O chinês Xiao Wang, atualmente com 25 anos, vive hoje com graves sequelas devido a uma decisão tomada ainda na adolescência. Aos 17 anos, em 2011, ele vendeu um de seus rins para adquirir um iPhone e um iPad, caso que causou choque na China e repercutiu internacionalmente.
Residente da província de Hunan, no sul do país, Wang entrou em contato com uma rede ilegal de tráfico de órgãos sem o conhecimento da família. Pelo valor de US$ 3 mil, aceitou se submeter à cirurgia em condições precárias, acreditando que poderia levar uma vida normal com apenas um rim.

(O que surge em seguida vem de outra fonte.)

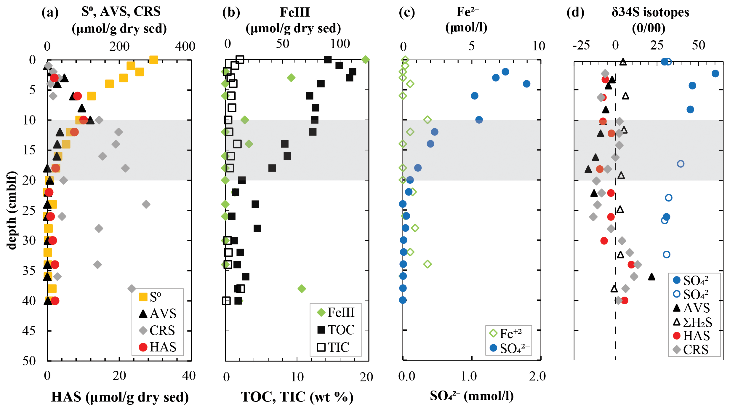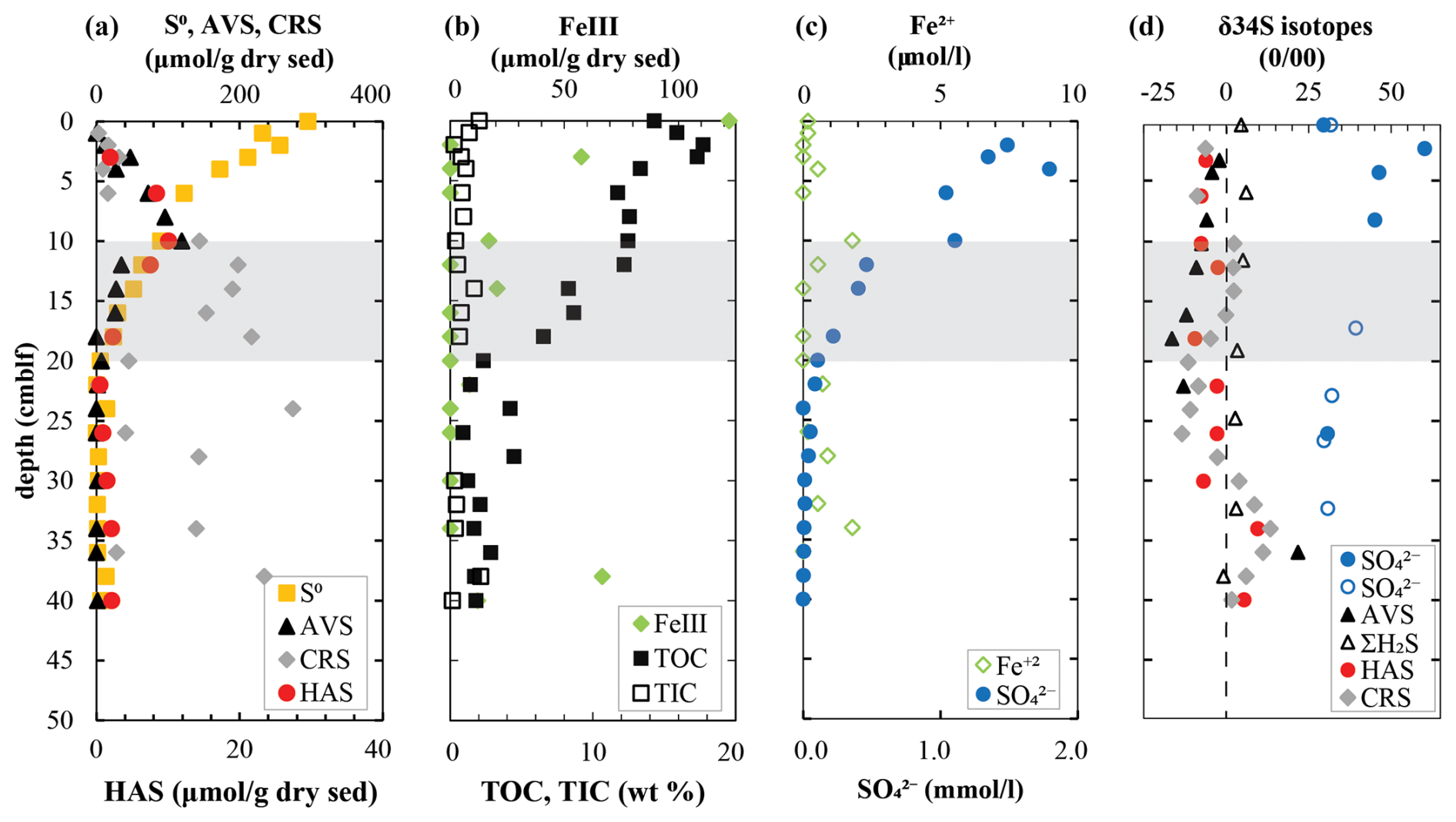 To obtain further insights into sulfur redox cycling in these sediments, major solid sulfur phases were quantified (Fig. 2a). Elemental sulfur (S0) is the most abundant solid sulfur phase in surface sediments at 300 µmol g−1 dry sediment. The parallel decrease in S0 and FeIII (Fig. 2b) with depth indicates increasingly reducing conditions. Both AVS (mostly amorphous FeS and mackinawite) and HAS exhibit a peak at 10 cm depth, which coincides with a peak in dissolved Fe2+ and the steepest decrease in sulfate concentrations (Fig. 2c). Below this depth, AVS, HAS, and S0 decrease in parallel with sulfate at the expense of CRS formation. Most carbon is in organic form in the Lake Cadagno sediments, with measurable contributions (< 2 wt %) of total inorganic carbon (TIC) present only in the top few centimeters and again at 14 cm depth (Fig. 2b).

O dinheiro permitiu a compra dos aparelhos desejados, mas o jovem acabou contraindo uma infecção na clínica clandestina, que danificou o rim restante, resultando em falência progressiva do órgão. Atualmente, Xiao Wang depende de hemodiálise diária, necessita de cuidados médicos constantes e passa a maior parte do tempo deitado devido à debilidade.
O caso veio à tona quando os pais desconfiaram da origem do dinheiro. A polícia prendeu nove envolvidos, entre médicos e intermediários, condenados a penas de três a cinco anos de prisão, e a família recebeu US$ 200 mil de indenização.
Apesar da compensação financeira, as consequências físicas permanecem irreversíveis, servindo como alerta sobre os perigos do tráfico de órgãos e da pressão consumista que pode levar jovens a decisões extremas.